--- Material shown ---
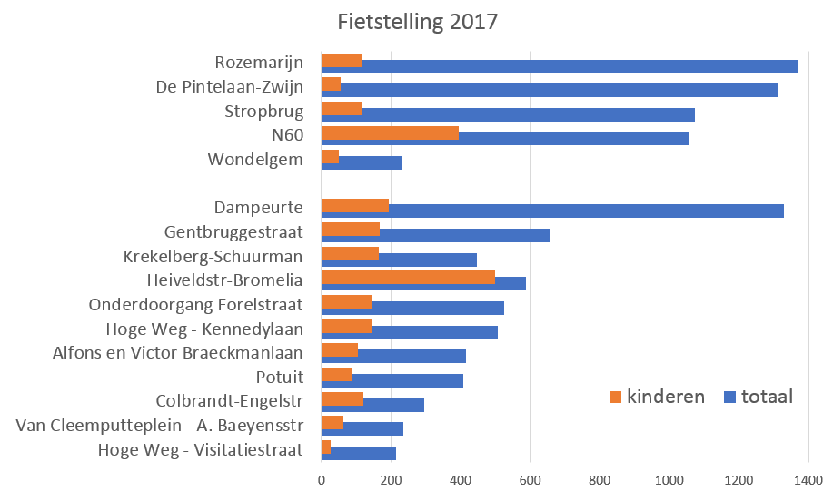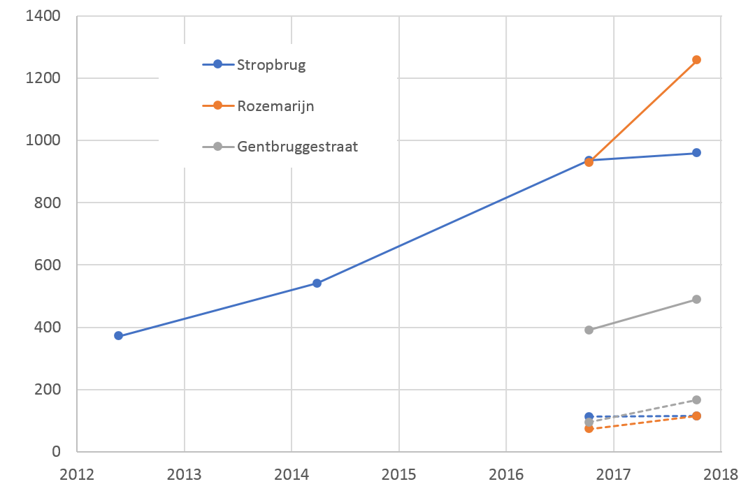 - aan de telpunten Stropbrug, Rozemarijnbrug en Gentbruggestraat waar vorige jaren ook geteld werd, groeit de stroom fietsers nog altijd aan.
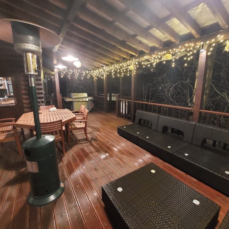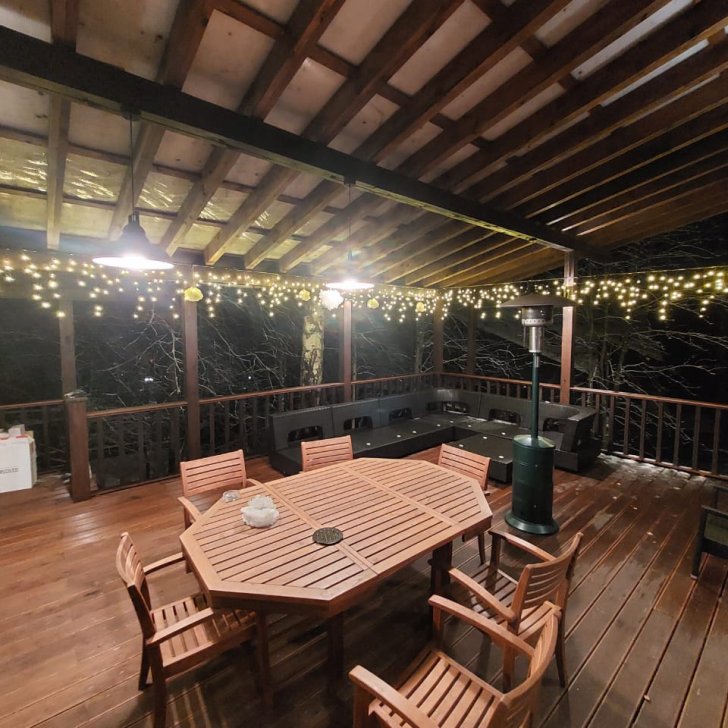 В данном проекте для подсветки контуров крыши по всему периметру дома была использована универсальная светодиодная гирлянда "бахрома" с черным цветом провода и молочно-белыми колпачками.
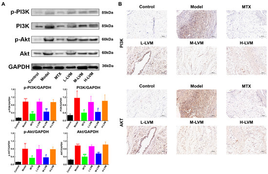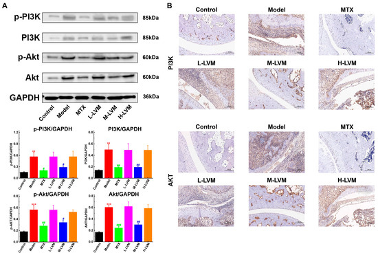 Immunostaining was conducted to detect the expression of the PI3K and Akt proteins in the synovium of rats from different treatment groups, with the PI3K and Akt proteins appearing brown under the microscope (Figure 6B). Compared with the Control group, the synovial tissues of rats in the Model group exhibited a significant distribution of brown particles, along with evident changes in synovial tissue structure. Conversely, treatment with MTX and M-LVM significantly reduced the expression of the PI3K and Akt proteins in comparison to the Model group. In the L-LVM and H-LVM groups, a significant distribution of brown particles in the synovial tissues was observed, with a pathological status similar to that of the Model group.
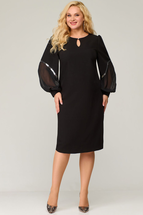 Платье женское полуприлегающего силуэта, слегка зауженное к низу с втачным рукавом. Горловина округлой формы с застежкой капелькой по переду. По линии груди переда вытачки. Спинка со средним швом и разрезом по низу. Рукав объемной формы состоит из двух деталей и декорирован тесьмой из пайеток. В верхней части рукава сборка. Нижний срез рукава присборен и обработан притачной манжетой с застежкой на петлю и пуговицу.
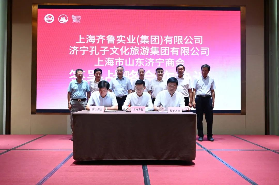 上海齐鲁实业(集团)有限公司总经理李文,济宁孔子文化旅游集团有限公司党委书记、董事长杨凤东,上海市山东济宁商会会长张玉杨在三方战略合作协议签字。王建章书记、吴兆路教授、丰家雷副书记、王智永董事长、张洪东书记、高洪彦会长、满其伟处长见证签约。
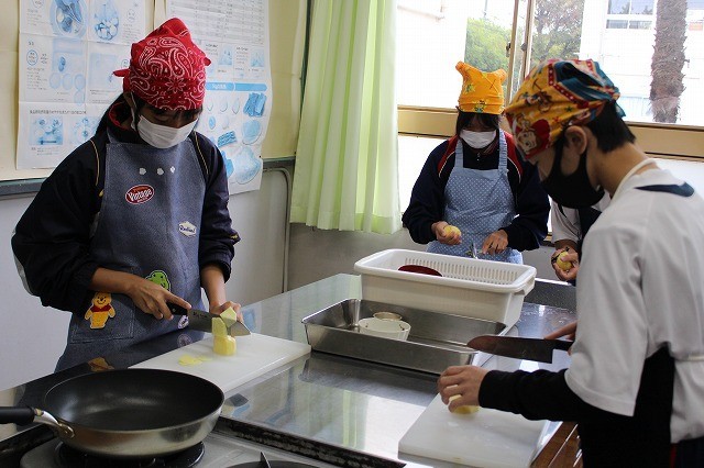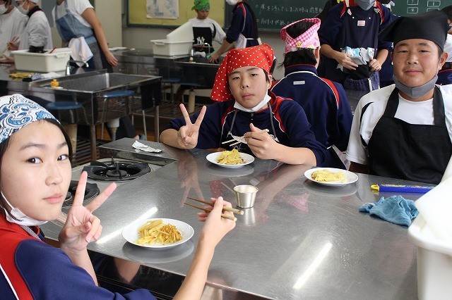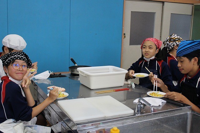 生徒たちは、協力しながら調理に夢中になっていました。どの班からも楽しそうな声が上がり、充実した調理実習となりました。
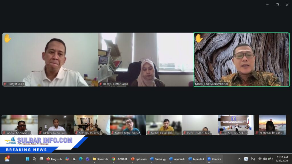 Sebagai bentuk dukungan terhadap kebijakan nasional, Bidang Pelayanan AHU Kanwil Kemenkum Sulbar mengikuti Webinar Verifikasi Matriks Komitmen Target Mandiri dan Kesiapan Operasional AHU Link Pendaftaran Perseroan Perorangan Tahun 2026 yang dilaksanakan secara daring, Jumat (27/3/2026).
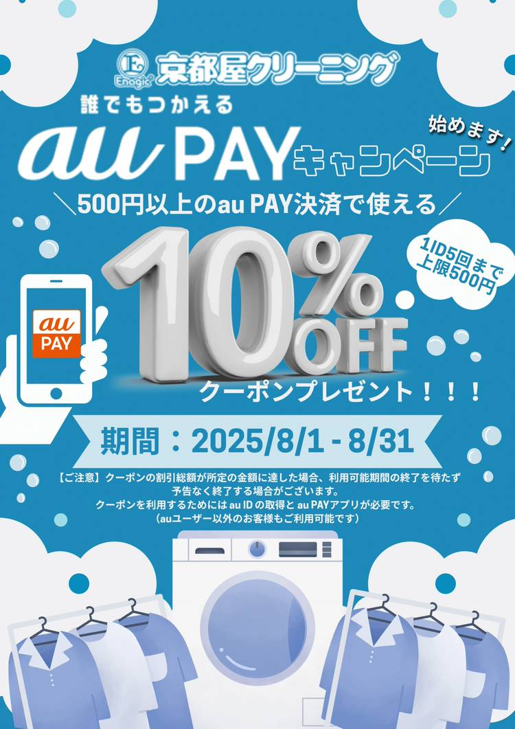 ◎auPAYキャンペーン◎ いつもご利用頂きありがとうございます♪ auPAYキャンペーンのお知らせです! 8月1日~8月31日の期間中、auPAYでご決済頂くと、 10%OFFクーポンがご利用いただけます🌸 1IDで5回まで、500円以上でご利用いただけます✨ ぜひこの機会にauPAYを活用して、お得にクリーニングをご利用ください! 暑い日が続いていますでの、体調お気をつけください🌻
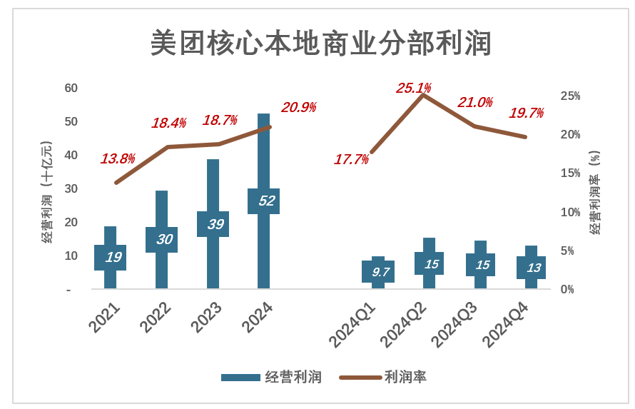 2024 年,核心本地商业分部经营利润进一步攀升至 524 亿、利润率 20.9%。
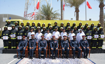 Manama, Aug. 2 (BNA): On behalf of the Chief of Public Security, Major-General Tariq Al Hassan, the Deputy Chief of Public Security, Major-General Abdullah Al Zayed attended a graduation ceremony of a firefighting orientation course of the General Directorate of Civil Defence for new police personnel and firefighters from Banagas, in addition to a training of trainers course. The Deputy Chief hailed the skills of the graduates, stressing that the round-the-clock duties of the civil defence personnel require full commitment, competency and swift response.
---
▸ The problem:
From the line with "生徒たちは、協力しながら調理" to the final line of the entries above, reproduce each line exactly and nothing else; the pictures stay out.

▸ Finished task:
 生徒たちは、協力しながら調理に夢中になっていました。どの班からも楽しそうな声が上がり、充実した調理実習となりました。
 Sebagai bentuk dukungan terhadap kebijakan nasional, Bidang Pelayanan AHU Kanwil Kemenkum Sulbar mengikuti Webinar Verifikasi Matriks Komitmen Target Mandiri dan Kesiapan Operasional AHU Link Pendaftaran Perseroan Perorangan Tahun 2026 yang dilaksanakan secara daring, Jumat (27/3/2026).
 ◎auPAYキャンペーン◎ いつもご利用頂きありがとうございます♪ auPAYキャンペーンのお知らせです! 8月1日~8月31日の期間中、auPAYでご決済頂くと、 10%OFFクーポンがご利用いただけます🌸 1IDで5回まで、500円以上でご利用いただけます✨ ぜひこの機会にauPAYを活用して、お得にクリーニングをご利用ください! 暑い日が続いていますでの、体調お気をつけください🌻
 2024 年,核心本地商业分部经营利润进一步攀升至 524 亿、利润率 20.9%。
 Manama, Aug. 2 (BNA): On behalf of the Chief of Public Security, Major-General Tariq Al Hassan, the Deputy Chief of Public Security, Major-General Abdullah Al Zayed attended a graduation ceremony of a firefighting orientation course of the General Directorate of Civil Defence for new police personnel and firefighters from Banagas, in addition to a training of trainers course. The Deputy Chief hailed the skills of the graduates, stressing that the round-the-clock duties of the civil defence personnel require full commitment, competency and swift response.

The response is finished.